Brendan Dunphy
'According to Honda, a fully-fueled Clarity could power the average home for about a week.' If true, this opens-up interesting possibilities to use the car for load-balancing for off-grid homes using solar, wind and other renewables.
Yasha
Looks interesting and ugly
jabloy61
My electricy bill is about $12 a week in the summer, and $80 in the winter. At a calculated $50 a week for what this car would provide... if I can swap gasoline AND home electricity for this car, at a reasonable retail price, give me a home-based hydrogen station and I am hooked.
Freyr Gunnar
Since hydrogen is currently extraced from natural gas, which can also be used to power cars… what's the point of the extra steps (natgas → hydrogen → engine)?
Catweazle
Nasty stuff high pressure hydrogen.
Difficult to store, difficult to transport and explosive in air over a very wide concentration range.
And expensive too of course, as no current method of production has anything close to a decent efficiency factor.
Cyndy
Dumb on several levels. New batteries will have short recharge times. A 10-15 recharging time would not inconvenience anyone. Hydrogen is a bad choice because of the high cost of installing it in enough fueling stations and it's fools gold without the gold. Hydrogen prices can seesaw up and down but I suspect it would be mostly up. Electric cars can be charged at home and a home can have a photovoltaic system to keep the cost of (Fuel) down and guard against rate hikes for the car and home. Hydrogen fails to offer this option. Hydrogen puts fuel costs squarely in big business hands Electric puts the cost of fuel in the owners if they choose it. Honda must be bored and needs to create "Something" but this is a strike out.
voluntaryist
I agree with Cindy. Moreover, since hydrogen is not produced at home, we are dependent on govt./big business. What could go wrong? Oh, wait, everything. I want off grid, off taxes and regulations, off of big brother's radar. Producing my own electricity to fuel my needs is a step in that direction. I would pay a little extra at first to be more independent (less slave).
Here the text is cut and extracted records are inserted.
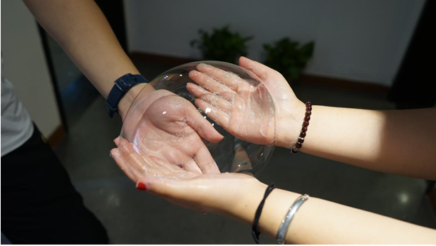 相熟的人在一起玩什么都會玩得非常開心,在慧聚廣場有一群人玩吹泡泡玩了半個多小時,誰能想到這是一群平均年齡20多歲的人呢?
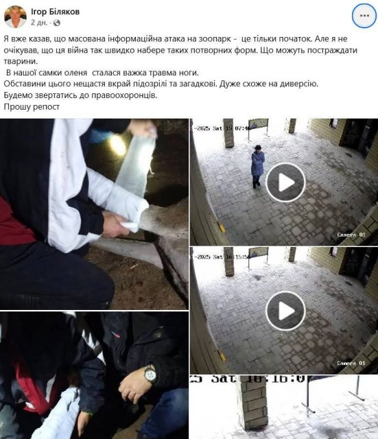 После публикации видео директор зоопарка Игорь Биляков показал, как животному накладывают шину и оказывают медицинскую помощь. Также Биляков заявил о «диверсии» — будто кто-то из посетителей специально сломал ногу самке оленя, чтобы потом обвинить зоопарк в халатности. История странная и запутанная, но главное, что животному оказали помощь.
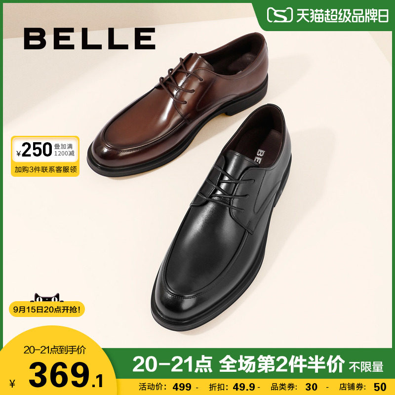 券 50元销量300百丽商务正装皮鞋男秋季新牛皮通勤结婚棕色真皮德比皮鞋B3GK3CM1
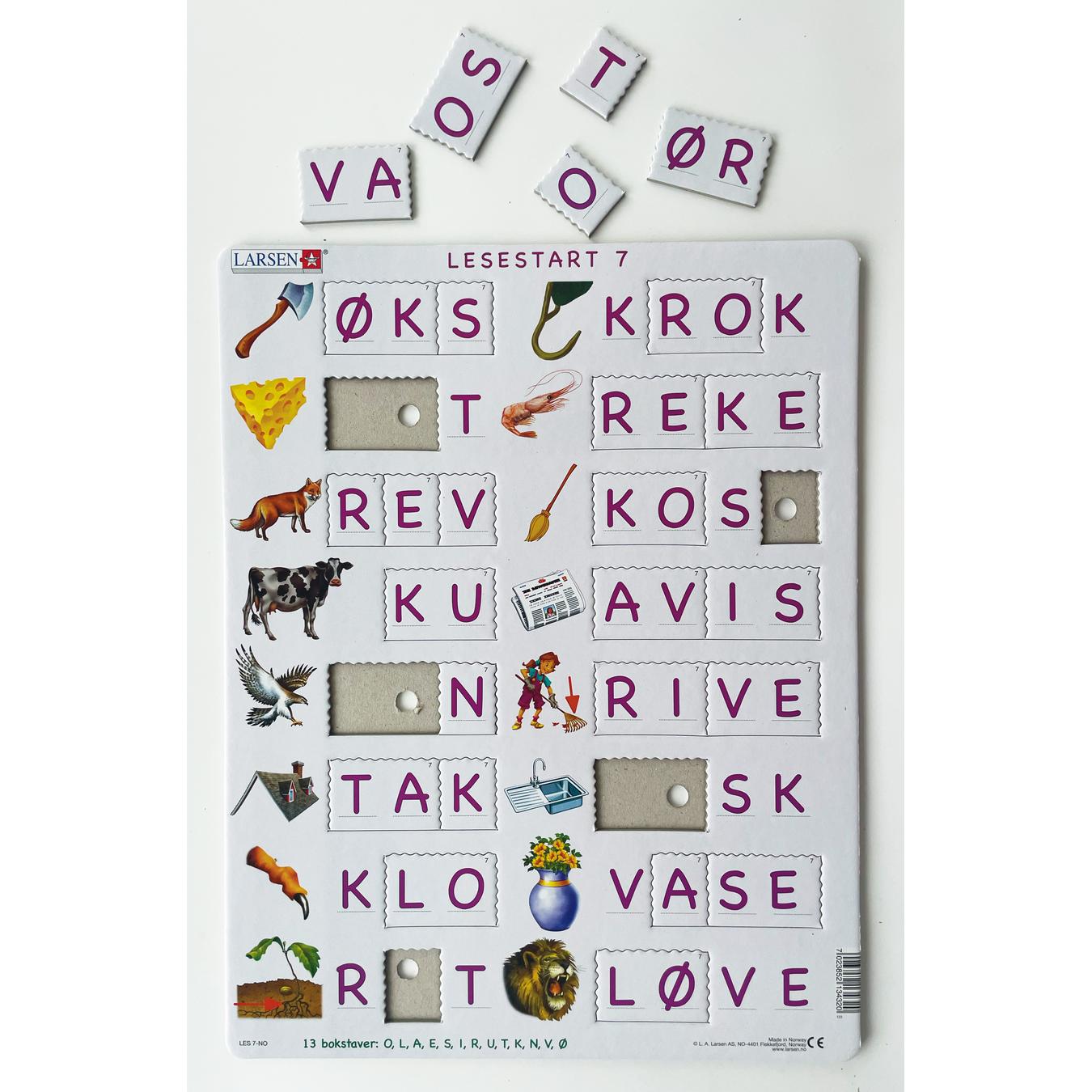 LESESTART 7 har 23 brikker med en bokstav eller en stavelse på hver brikke. Bokstavene er: O, L, A, E, S, I, R, U, T, K, N, V, Ø. Sett brikkene sammen til ord som matcher de 16 tegningene på rammen. Ikke alle bokstavene står på brikkene, noen står fast på rammen og er til hjelp for den som pusler.
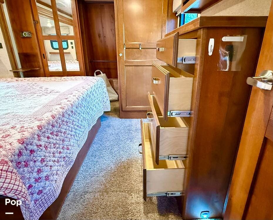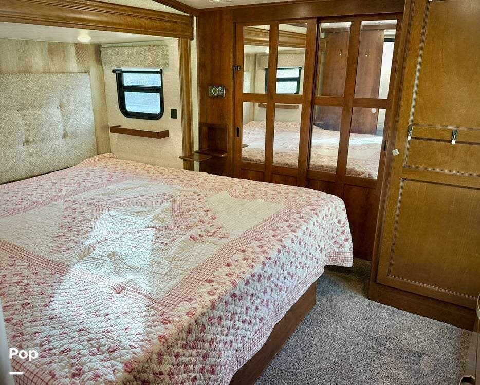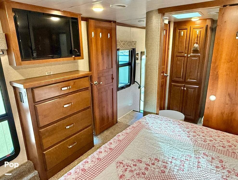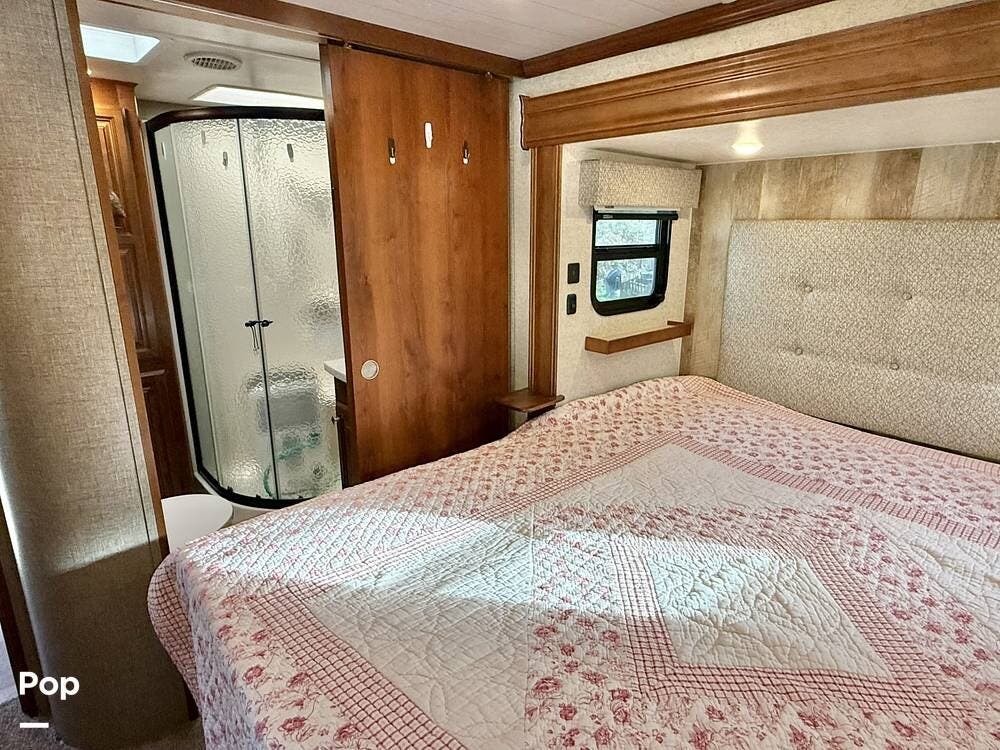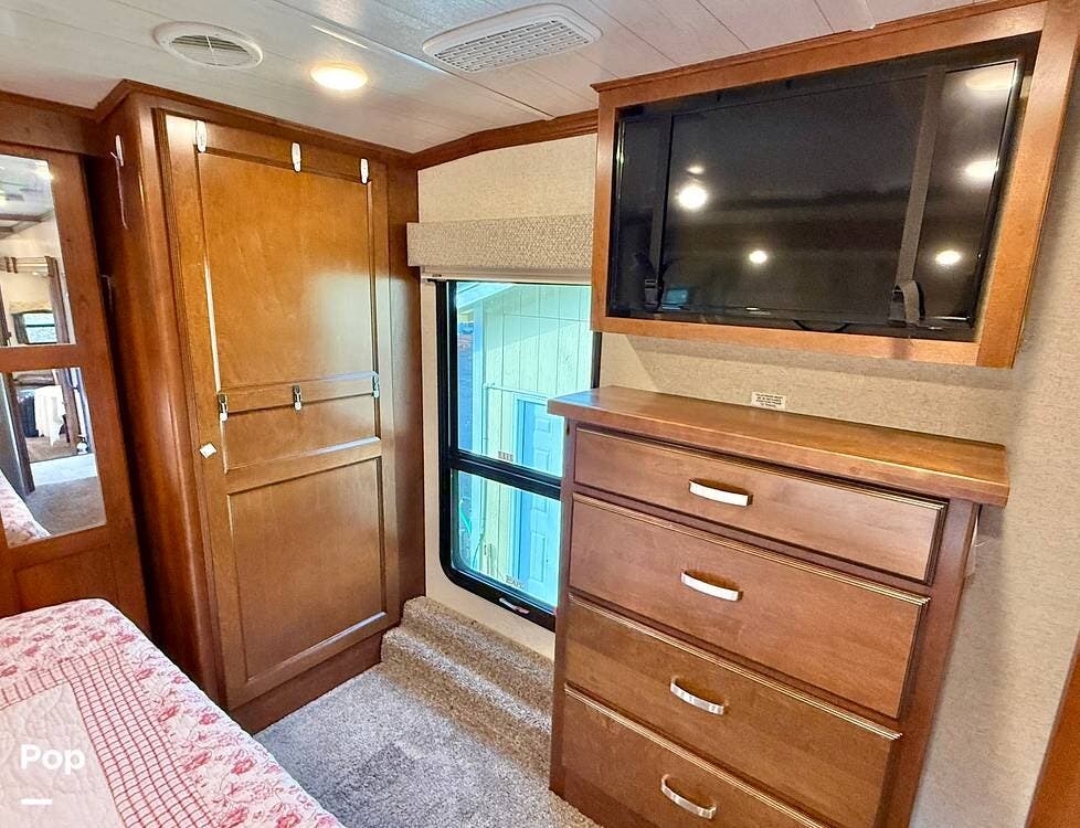 Retreat to the private master bedroom where comfort takes center stage. A king-size bed with a memory foam mattress, deluxe headboard, coordinated bedding package, and LED lighting creates a cozy haven at the end of the day. The bedroom offers excellent airflow thanks to dual windows in the slide, ample closet storage with hanging rods and shelving, massive under-bed storage, and even a pull-out drawer in the steps. A television and full-height ceilings add to the open, residential feel, while the adjacent private bathroom provides convenience and privacy.

How can you put a price of self determination, freedom? Live and let live (let others put their faith in govt.), I put my confidence in private enterprise.
Stephen N Russell
Just need more H2 stations then were good to Go same for EV charging centers.
antiguajohn98
Hydrogen cars are a Rube Goldberg device that violates the KISS principle.
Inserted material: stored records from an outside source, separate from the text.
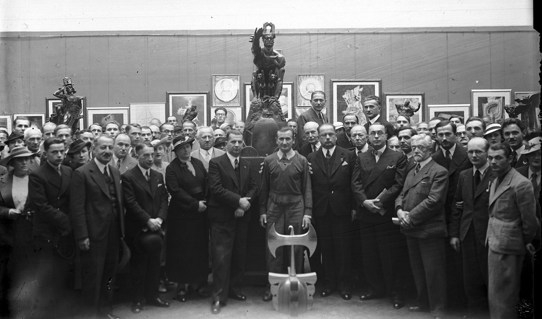 Uczestnicy otwarcia wystawy. Widoczni m.in. w pierwszym rzędzie od lewej: dyrektor Okręgu Poczt i Telegrafów w Karkowie Alfred Spett, dr Stankowski, wicewojewoda krakowski Piotr Małaszyński, artysta malarz i rzeźbiarz Stanisław Szukalski, wiceprezydent Krakowa Rudolf Radzyński, prof. Franciszek Walter, artysta malarz Wincenty Wodzinowski, sekretarz Towarzystwa Przyjaciół Sztuk Pięknych Karol Kramarczyk (najwyższa postać z tyłu).
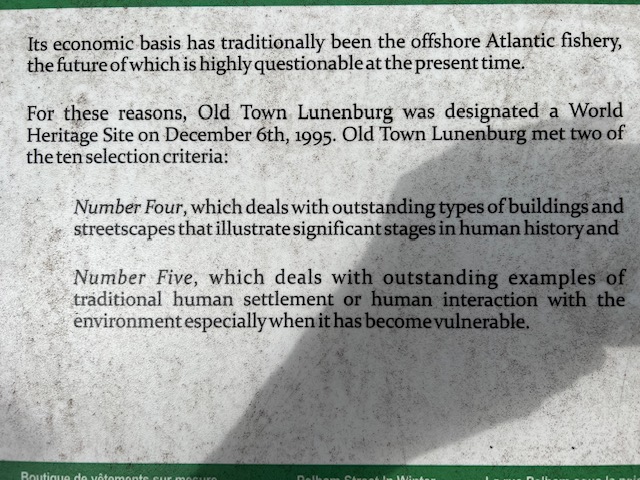 Exploring Lunenburg, I quickly discovered that it contains the steepest streets that I’ve ever encountered – noticeably steeper than in San Francisco, although the steep sections aren’t as long. The following two plaques explain why better than I could:
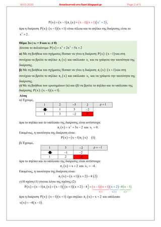 β) Με τη βοήθεια του σχήματος Horner να γίνει η διαίρεση 1π x : x 2 και στη
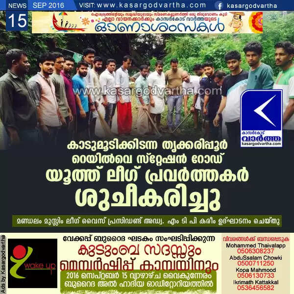 Keywords: Kasaragod, Kerala, Trikaripur, Youth League, Railway station, Cleaning, Onam-celebration, Trikaripur Railway station road cleaned by Youth league.
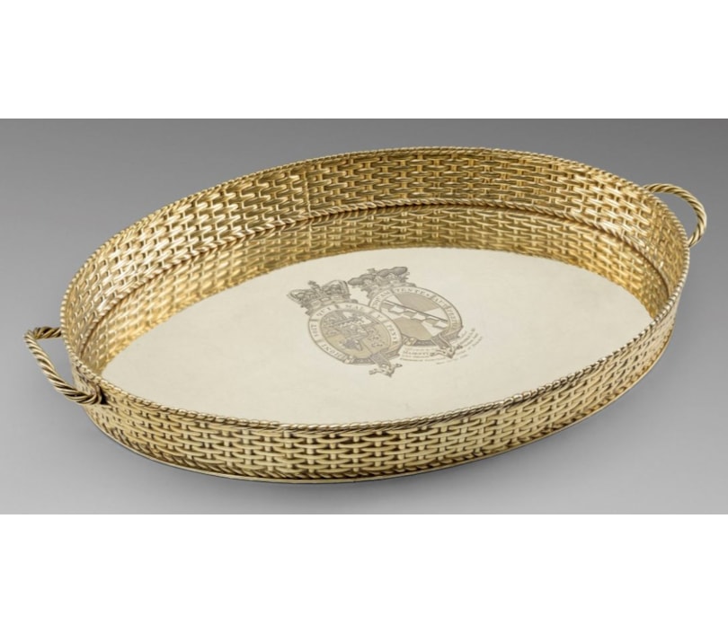 Of oval outline, with basket weave pattern sides, rope twist handles and rim, engraved to the centre with coats-of-arms each within a garter and below a coronet.
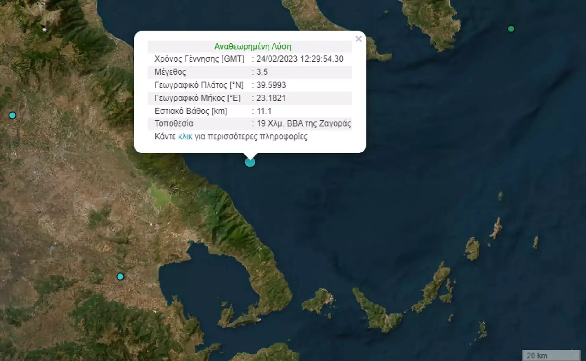 Συγκεκριμένα, ο σεισμός των 3,5 R κοντά στη Ζαγορά του Πηλίου σημειώθηκε στις 2:29 το μεσημέρι της Παρασκευής (24/2). Σύμφωνα με το Γεωδυναμικό Ινστιτούτο του Εθνικού Αστεροσκοπείου Αθηνών, η δόνηση προέρχεται από τον θαλάσσιο χώρο που βρίσκεται σε απόσταση 19 χιλιομέτρων βόρεια – βορειοανατολικά της Ζαγοράς.

You first have to spend energy to make the hydrogen then you ave to store - transport - store again and have a manned service point.
On the other and with an EV you generate electricity send it over power lines to an unmanned station and furthermore I do believe electricity moves slightly faster than hydrogen by truck.
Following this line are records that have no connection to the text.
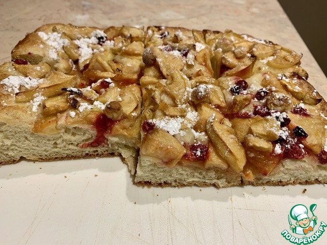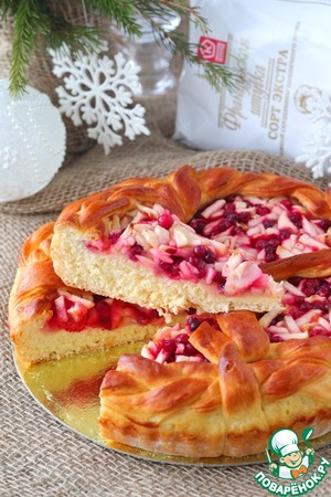 Рецепт «Сдобный пирог с яблоками и брусникой»:
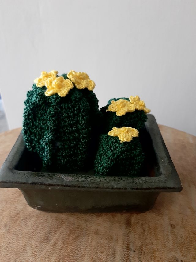 Pianta grassa lavorata a uncinetto in vasetto di ceramica misure cm. 12 x 9
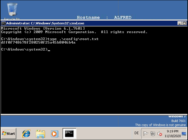 | kali@kali:~/CTFs/tryhackme/Alfred$ nc -lnvp 9001

Scientia Non Domus (Knowledge has No Home)
antiguajohn
David F
As much as I prefer series-hybrid designs like the Clarity and i3, perhaps HFC technology would be better used as a means of storing unused energy from the ever-increasing number of solar PV installations. PV won't help when the lights go out (due to idiotic government legislation), but it could if the energy can be stored by splitting methane (perhaps generated from anaerobic digestion) or water.